Convicted murderers Clayton Lockett and Charles Warner were both scheduled to be executed tonight after losing an appeal to force the state to disclose the source of its new, secret lethal injection drug combination.

Lockett, who was convicted of kidnapping, beating, raping, shooting, and burying alive a 19-year-old woman, was scheduled to go first and received the injection at 6:23 pm. Warner, convicted of raping and killing an 11-month-old baby, was to follow at 8 pm.

But things went terribly wrong.

The New York Times rather passively points out that "It did not appear that any of the drugs themselves failed, but rather the method of administration," and even after a doctor declared him to be unconscious, witnesses say Lockett was awake and yelled "man" and "something's wrong."

Doctors pulled the curtain after he apparently tried to rise up off the table.

Lockett officially died of a heart attack at 7:06 pm. In the meantime, Warner's execution has been stayed for at least 14 days.

According to Mother Jones, Oklahoma quietly procured the experimental cocktail after drug manufacturers stopped producing sodium thiopental, the lethal injection drug of choice, citing moral grounds. [The "black comedy of increasingly desperate attempts" by states to procure execution drugs is also detailed in this December New Yorker piece.]

Both men received a brief stay of execution earlier this year when they sued the state, arguing they were entitled to know the source of the lethal injection drugs that Oklahoma had been secretly preparing.

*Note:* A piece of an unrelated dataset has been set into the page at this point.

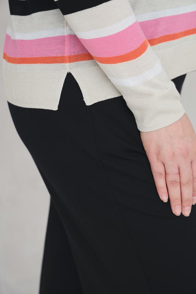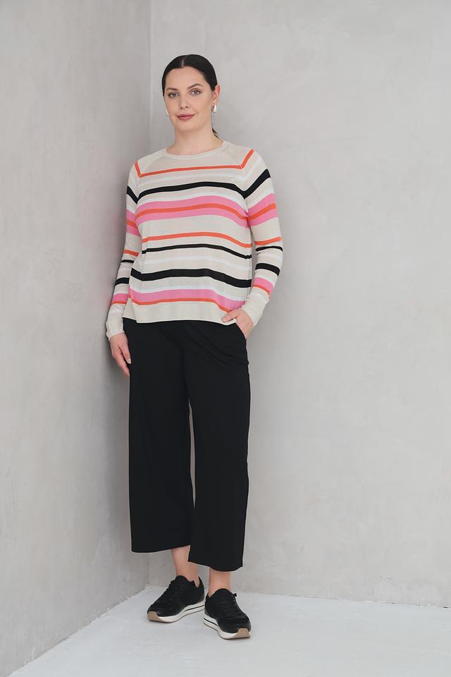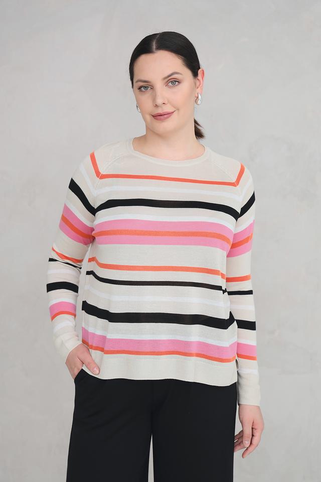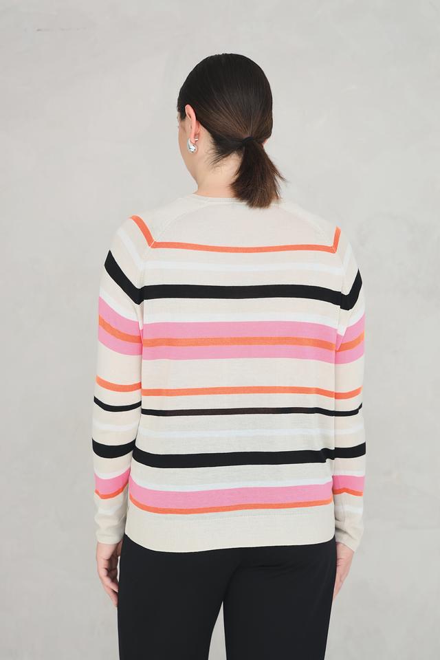 Этот стильный пуловер от Frapp выполнен в актуальной полосатой расцветке, сочетающей в себе бежевый, чёрный, розовый и оранжевый цвета. Он станет ярким акцентом в вашем образе и подчеркнёт вашу индивидуальность.

After the governor challenged the State Supreme Court's ruling for a delay and the legislature started to discuss impeaching the justices, the Oklahoma Supreme Court denied the request, writing:

"The plaintiffs have no more right to the information they requested than if they were being executed in the electric chair, they would have no right to know whether OG&E or PSO were providing the electricity; if they were being hanged, they would have no right to know whether it be cotton or nylon rope; or if they were being executed by firing squad, they would have no right to know whether it be by Winchester or Remington ammunition."

Department of Corrections officials apparently proposed two combinations of different drugs for the executions tonight before deciding on a cocktail of three chemicals—midazolam for anxiety, vecuronium bromide to relax the muscles, and potassium chloride to stop the heart. According to the Times, that combination has been used before in Florida, but with a "much higher dose" of midazolam because the other two drugs are known to cause "agonizing suffocation and pain."

UPDATE 10:25 PM: Oklahoma Governor Mary Fallon has ordered a "full review of Oklahoma's execution procedures."